The introit Requiem aeternam, from which the Requiem Mass gets its name, is in Hypolydian mode (Mode 6).

The Hypolydian mode, literally meaning "below Lydian", is the common name for the sixth of the eight church modes of medieval music theory. The name is taken from Ptolemy of Alexandria's term for one of his seven tonoi, or transposition keys. This mode is the plagal counterpart of the authentic fifth mode.

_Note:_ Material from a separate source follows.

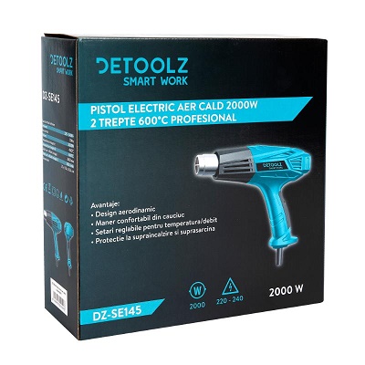 Pistolul electric cu aer cald 2000W, 2 trepte de temperaturi 450 ℃ / 600 ℃, Detoolz DZ-SE145 este un produs de uz gospodaresc, destinat pentru operatiile de desprindere a vopselei, imbinarii tevilor, contractarii PVC, imbinarii si indoirii obiectelor din plastic, precum si utilizarii pentru uscare si dezghetare in general.

In medieval theory the Hypolydian mode was described either as (1) the diatonic octave species from C to the C an octave higher, divided at the final F (C–D–E–F + F–G–A–B–C) or (2) a mode with F as final and an ambitus from the C below the final to the D above it. The third above the final, A—corresponding to the reciting tone or "tenor" of the sixth psalm tone—was regarded as having an important melodic function in this mode. The sequence of intervals was therefore divided by the final into a lower tetrachord of tone-tone-semitone, and an upper pentachord of tone-tone-tone-semitone. However, from as early as the time of Hucbald the Hypolydian mode—even more than the corresponding authentic mode, the Lydian—was characterized by the predominance of B♭ instead of B♮ as the fourth degree above the final. The melodic centering on F and A, as well as the use of B♭ instead of B♮, is illustrated in the accompanying example from the Requiem Mass introit, "Requiem aeternam".

Finer distinctions among the scale degree are sometimes made, with the D below the final called the "mediant", the lowest note, C, the "participant" (a tone functioning as an auxiliary to the mediant), the G, B, and B♭ the "conceded modulations" (subsidiary degrees), and the lowest C, the final, F, and (rarely) the D the "absolute initials".